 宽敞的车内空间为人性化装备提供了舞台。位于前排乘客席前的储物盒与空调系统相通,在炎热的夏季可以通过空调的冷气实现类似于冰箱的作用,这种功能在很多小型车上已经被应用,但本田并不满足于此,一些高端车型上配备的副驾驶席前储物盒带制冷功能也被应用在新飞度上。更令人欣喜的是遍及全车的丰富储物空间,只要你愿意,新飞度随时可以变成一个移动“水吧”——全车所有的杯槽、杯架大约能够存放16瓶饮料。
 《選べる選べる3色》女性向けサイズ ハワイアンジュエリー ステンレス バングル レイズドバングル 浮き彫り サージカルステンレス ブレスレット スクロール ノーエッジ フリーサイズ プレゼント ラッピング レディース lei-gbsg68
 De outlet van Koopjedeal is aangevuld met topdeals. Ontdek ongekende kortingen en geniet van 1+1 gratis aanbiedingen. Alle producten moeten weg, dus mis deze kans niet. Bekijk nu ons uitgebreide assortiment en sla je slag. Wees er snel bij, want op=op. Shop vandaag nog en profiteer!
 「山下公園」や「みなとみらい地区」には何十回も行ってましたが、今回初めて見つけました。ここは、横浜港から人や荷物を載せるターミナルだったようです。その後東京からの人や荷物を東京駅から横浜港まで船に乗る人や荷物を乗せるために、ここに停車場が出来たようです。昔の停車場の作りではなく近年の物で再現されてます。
___
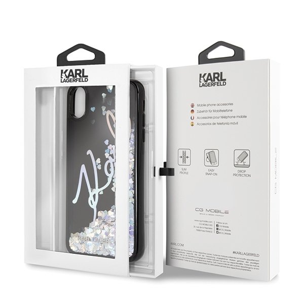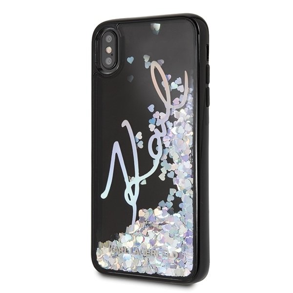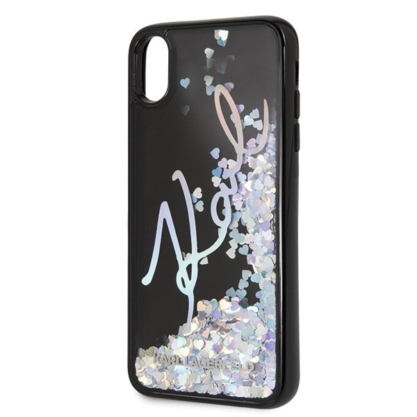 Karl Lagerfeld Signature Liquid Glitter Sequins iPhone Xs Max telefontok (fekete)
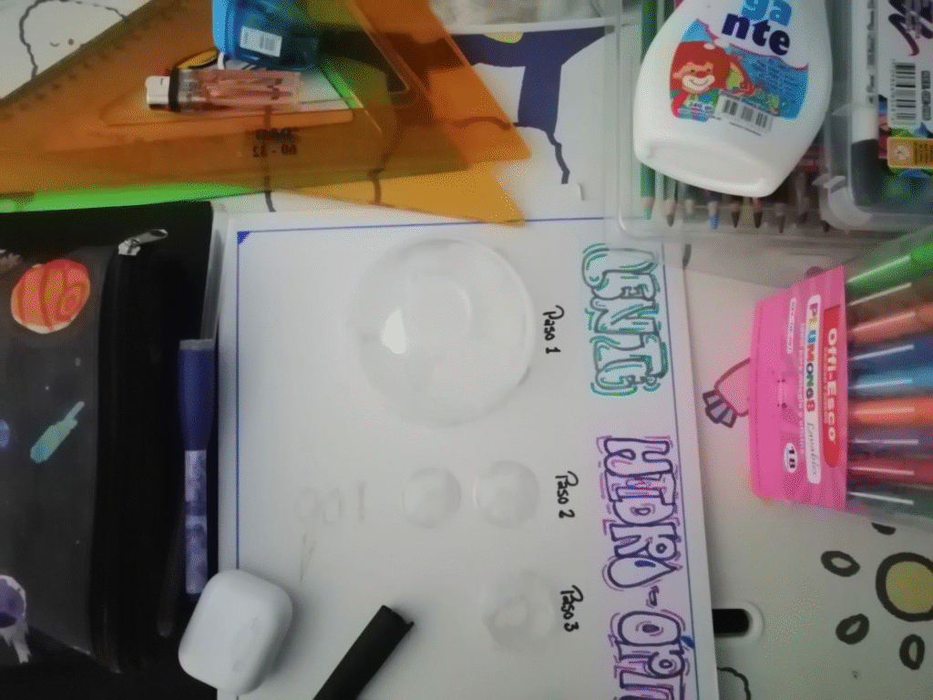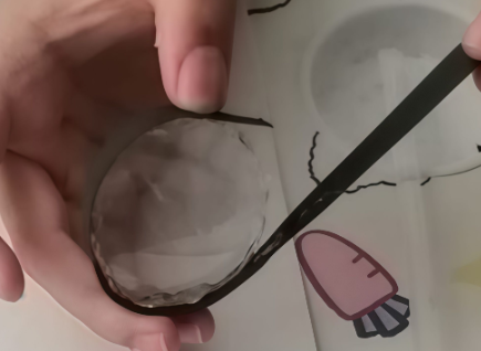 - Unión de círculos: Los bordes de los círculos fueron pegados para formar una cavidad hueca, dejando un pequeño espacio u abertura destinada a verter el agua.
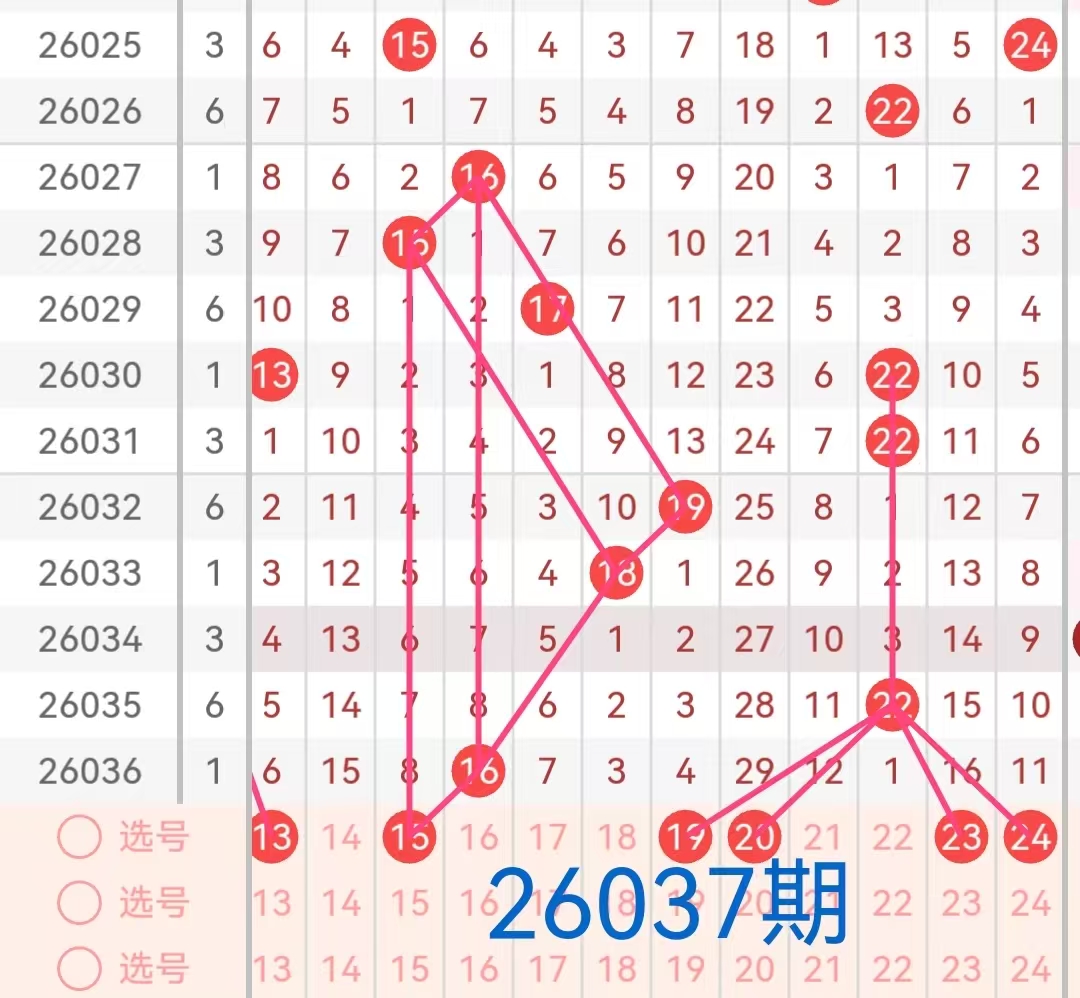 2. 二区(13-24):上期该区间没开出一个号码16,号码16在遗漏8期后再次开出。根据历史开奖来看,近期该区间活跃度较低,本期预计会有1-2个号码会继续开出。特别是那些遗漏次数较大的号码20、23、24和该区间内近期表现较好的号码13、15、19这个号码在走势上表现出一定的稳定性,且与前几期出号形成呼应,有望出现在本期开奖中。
___
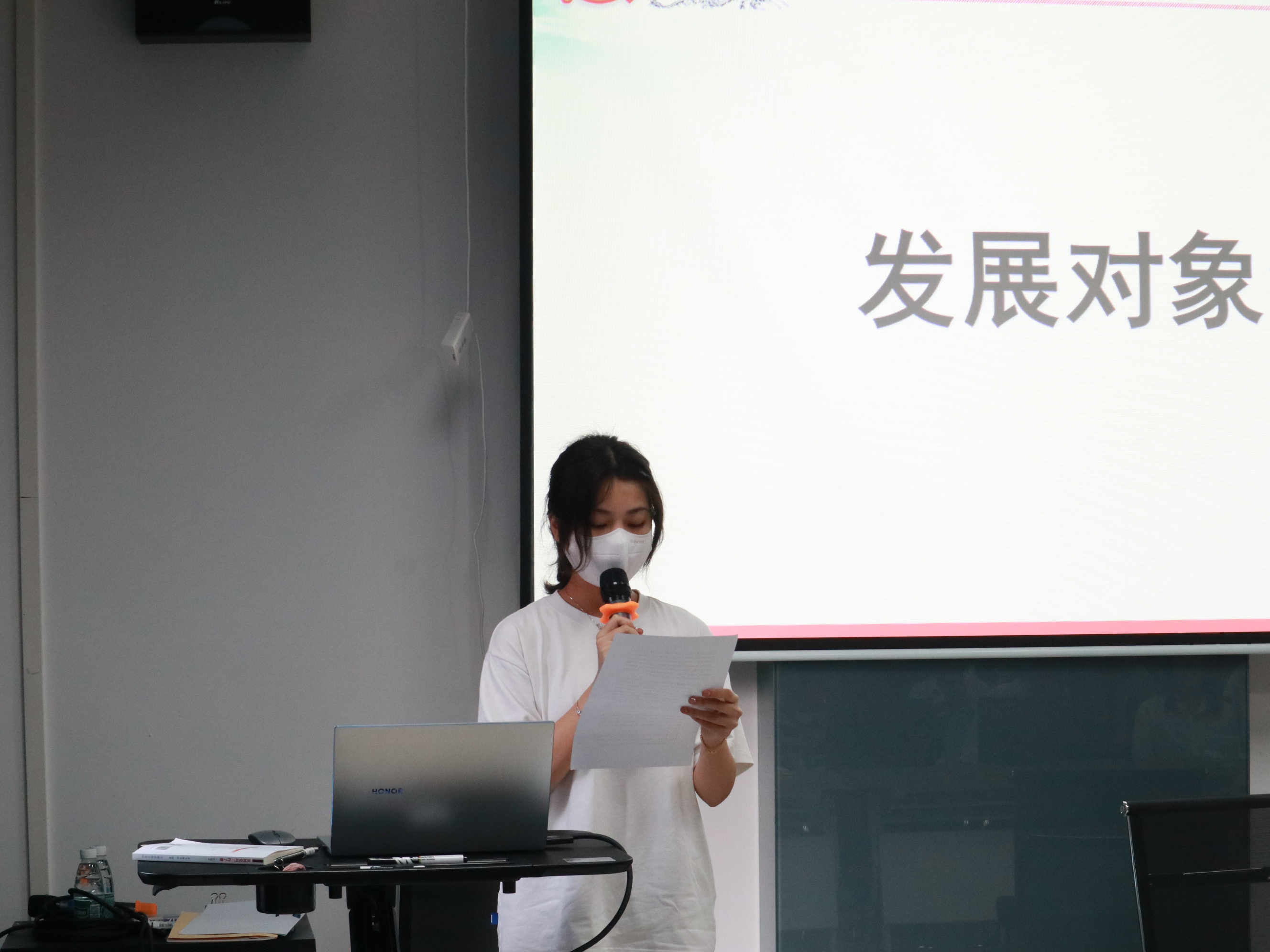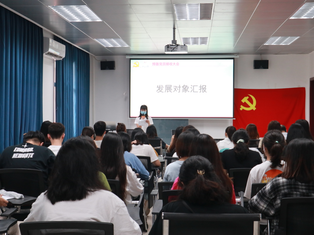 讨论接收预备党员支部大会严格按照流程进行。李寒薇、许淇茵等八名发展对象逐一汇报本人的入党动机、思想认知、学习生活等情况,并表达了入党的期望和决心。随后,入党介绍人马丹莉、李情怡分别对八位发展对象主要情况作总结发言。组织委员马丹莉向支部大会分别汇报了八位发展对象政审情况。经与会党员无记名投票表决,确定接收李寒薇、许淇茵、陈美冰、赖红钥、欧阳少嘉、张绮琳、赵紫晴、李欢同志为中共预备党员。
___
### Work instruction
Beginning at the line with "宽敞的车内空间为人性化装备提" and stopping after the line with "De outlet van", please write out every line of the data above exactly and nothing else.

### Output for this task
 宽敞的车内空间为人性化装备提供了舞台。位于前排乘客席前的储物盒与空调系统相通,在炎热的夏季可以通过空调的冷气实现类似于冰箱的作用,这种功能在很多小型车上已经被应用,但本田并不满足于此,一些高端车型上配备的副驾驶席前储物盒带制冷功能也被应用在新飞度上。更令人欣喜的是遍及全车的丰富储物空间,只要你愿意,新飞度随时可以变成一个移动“水吧”——全车所有的杯槽、杯架大约能够存放16瓶饮料。
 《選べる選べる3色》女性向けサイズ ハワイアンジュエリー ステンレス バングル レイズドバングル 浮き彫り サージカルステンレス ブレスレット スクロール ノーエッジ フリーサイズ プレゼント ラッピング レディース lei-gbsg68
 De outlet van Koopjedeal is aangevuld met topdeals. Ontdek ongekende kortingen en geniet van 1+1 gratis aanbiedingen. Alle producten moeten weg, dus mis deze kans niet. Bekijk nu ons uitgebreide assortiment en sla je slag. Wees er snel bij, want op=op. Shop vandaag nog en profiteer!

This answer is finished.